Generally speaking if you are working on $\mathbb R^n$ with all the standard structures this implies, then a tensor field of type (k,l) is really just a map $\mathbb R^n\rightarrow\mathbb{R}^{n^{k+l}}$, and you can perform the integration $$ I^{a_1...a_k}_{b_1...b_l}=\int d^nx\ T^{a_1...a_k}_{b_1...b_l}(x), $$ which will result in an algebraic tensor of type (k,l) (eg. not a tensor field).


On a manifold, on the other hand, you cannot have tensor-valued integrals. The reason for that, sticking with the local coordinate approach, is that, if we consider a vector field $Y^a(x)$ (we can consider a general type (k,l) tensor field but considering only a vector field saves typing time), the field values at different points transform differently. Eg. if we have the coordinate transformation $x\mapsto x'$, then we have $$ Y^{a'}(x')=\frac{\partial x^{a'}}{\partial x^a}(x)Y^a(x),\ \text{but}\ Y^{a'}(y')=\frac{\partial x^{a'}}{\partial x^a}(y)Y^a(y), $$ with the two transformation matrices obviously not being the same in general. This means that it is not a meaningful operation to add $Y^a(x)$ and $Y^a(y)$ for $x\neq y$.

But an integral is essentially the limit of sums of the type $$ \Delta x^1\cdot...\cdot\Delta x^n Y^a(x)+\Delta y^1\cdot...\cdot\Delta y^n Y^a(y)+... $$ for all points on the manifold, which, as it was just explained, is not meaningful.

This problem is not fixed by multiplying by $\sqrt{|g|}$ or anything like that.
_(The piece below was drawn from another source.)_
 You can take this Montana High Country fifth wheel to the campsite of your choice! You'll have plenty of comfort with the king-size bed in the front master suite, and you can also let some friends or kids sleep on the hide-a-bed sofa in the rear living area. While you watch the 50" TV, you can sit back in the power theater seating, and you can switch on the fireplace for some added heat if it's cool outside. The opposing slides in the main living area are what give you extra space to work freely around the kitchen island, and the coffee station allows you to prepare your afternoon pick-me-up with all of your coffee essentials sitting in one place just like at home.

On the other hand, without invoking differential forms directly, we can say that over an $n$ dimensional manifold, we can integrate totally antisymmetric tensors of type $(0,n)$, because every such tensor field $\rho_{a_1...a_n}$ is of the form $$ \rho_{a_1...a_n}=\rho\pi_{a_1...a_n}, $$ where $\rho$ is a scalar density, and $\pi_{a_1...a_n}$ is the Levi-Civita symbol. Actually this is only true for oriented manifolds, in positive coordinates, but I'd prefer to handwave this away now.
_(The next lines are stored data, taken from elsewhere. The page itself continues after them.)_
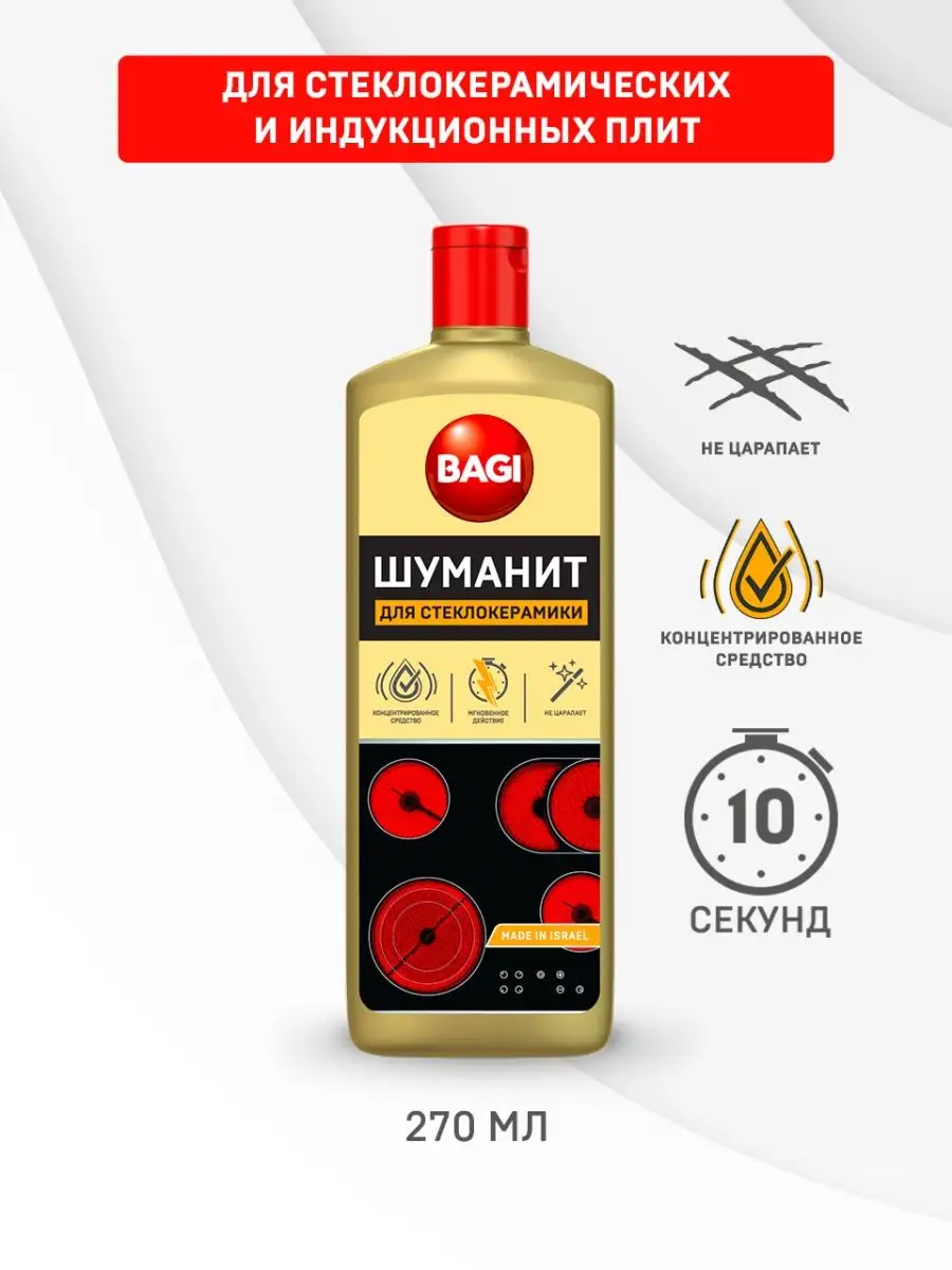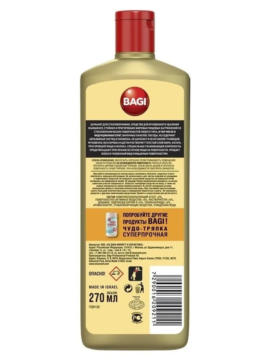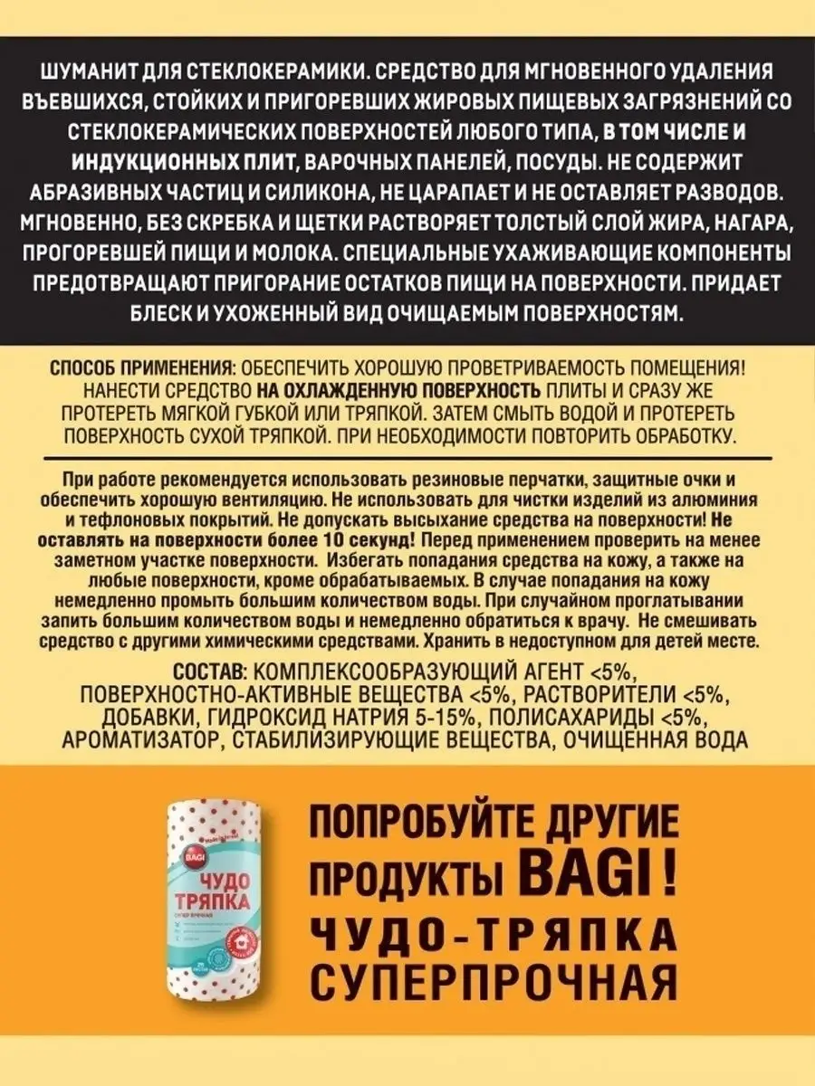 Описание: Бытовая химия (чистящие средства) Bagi - Шуманит жироудалитель для стеклокерамики. Антижир для удаления жира для плит, 270 мл. Концентрированное средство для стеклокерамческих, индукционных плит и варочных панелей за 10 секунд растворяет толстый слой жира; нагара; пригоревшей пищи; молока и сахара. Средство подходит для удаления въевшихся, стойких и пригоревших жировых пищевых загрязнений со стеклокерамических поверхностей любого типа, варочных панелей, посуды. Густой слой концентрированной пены проникает в структуру "коричневых кругов" вокруг нагревательного элемента конфорки и разрушает их изнутри. Придает стеклокерамике блеск БЕЗ эффекта "радужных" разводов. Содержит активные чистящие вещества, которые помогают максимально эффективно справиться с застарелыми загрязнениями. Способ применения: Нанести средство, равномерно распределить губкой или тряпкой. Оставить не более чем на 10 секунд, смыть средство водой. При необходимости повторить уборку. Соблюдайте меры предосторожности и не давайте средству высыхать на поверхности Остерегайтесь подделок! Выбирая проверенного поставщика, вы приобретаете 100% оригинальный товар. ООО Си Джи Импорт и Логистика является официальным импортером Bagi в Россию и Белоруссию. Все товары магазина оригинальны.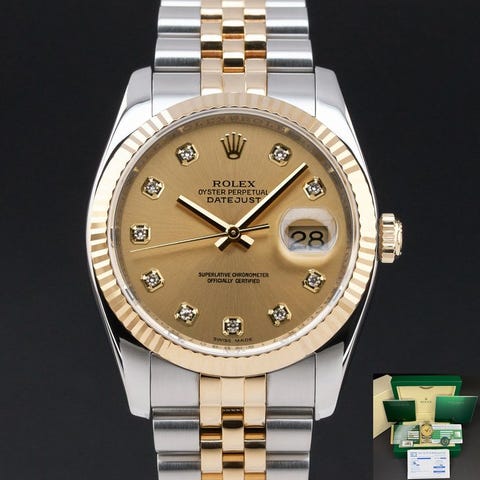 Rolex Datejust 116233, årgang 2004, Unisex automatisk ur med en 36 mm guldfarvet/stål kasse, sølvfarvet skive og guldfarvet/stål lænke, inklusive original boks og papirer, original garanti ikke inkluderet, i meget god stand med mindre brugsspor. Klik på den blå "gå til varen" knap, for at købe eller byde på denne vare. Den samlede pris vil blive vist inden du afgiver dit bud.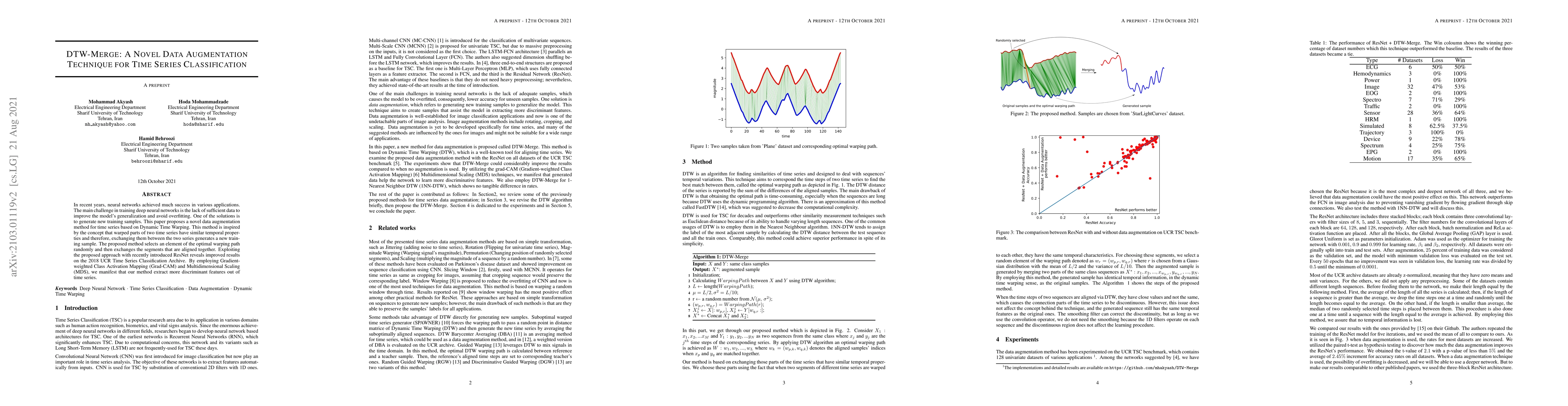 This paper introduces DTW-Merge, a novel data augmentation technique for time series classification that leverages Dynamic Time Warping to generate new training samples by swapping segments between time series. The method enhances model generalization and reduces overfitting, leading to improved results on the UCR Time Series Classification Archive when used with ResNet.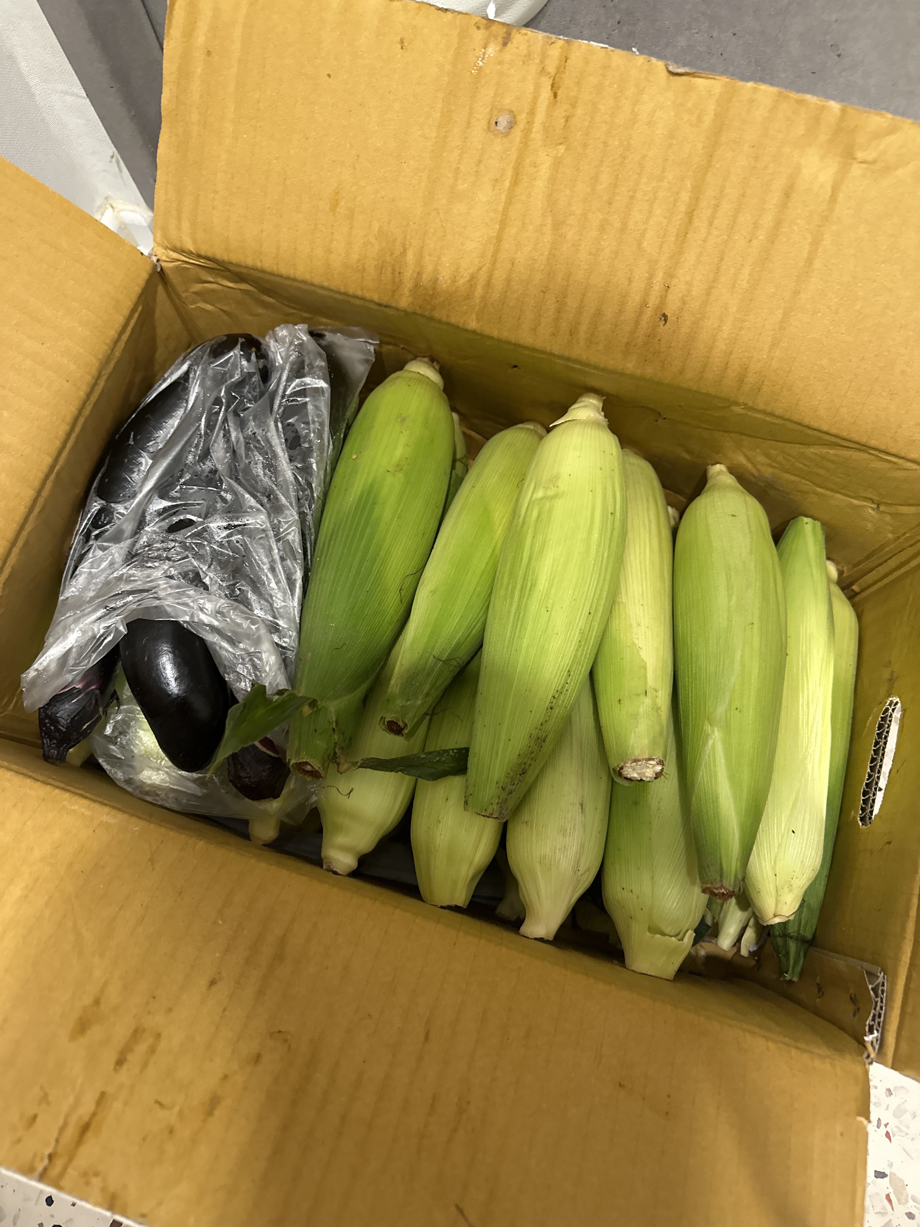 옥수수 박스에는 서프라이즈 선물로 가지도 몇 개 같이 들어있었다.

We know that scalar densities can be integrated in a coordinate-free manner, so we define a volume element $d\mu^{a_1...a_n}$ such that $$ \int d^nx\ \rho(x)\equiv\int d\mu^{a_1...a_n}\rho_{a_1...a_n}(x). $$

Because $\pi^{a_1...a_n}\pi_{a_1...a_n}=n!$, clearly $$ d\mu^{a_1...a_n}=d^nx\frac{1}{n!}\pi^{a_1...a_n}. $$

So far this seems superflous compared to simply integrating a density, but the point is that if $\Sigma$ is some $k$ dimensional surface in the "bulk" manifold $M$, then there is no simple relationship between densities of $M$ and densities of $\Sigma$. However there is a simple relationship between antisymmetric tensor fields of the two manifolds. Namely, if the $k$-surface $\Sigma$ is given by the embedding maps $$ x^a=x^a(\xi^1,...,\xi^k), $$ and we use the notation $$ e^a_i=\frac{\partial x^a}{\partial \xi^i}, $$ then if $\lambda_{a_1...a_k}$ is a completely antisymmetric $k$-tensor field in $M$, its pullback to $\Sigma$ is $$ \lambda_{i_1...i_k}=\lambda_{a_1...a_k}e^{a_1}_{i_1}...e^{a_k}_{i_k}, $$ where on $\Sigma$, $\lambda_{i_1...i_k}$ is of the form $$ \lambda_{i_1...i_k}=\lambda\pi_{i_1...i_k}, $$ where $\lambda$ is a scalar density on $\Sigma$.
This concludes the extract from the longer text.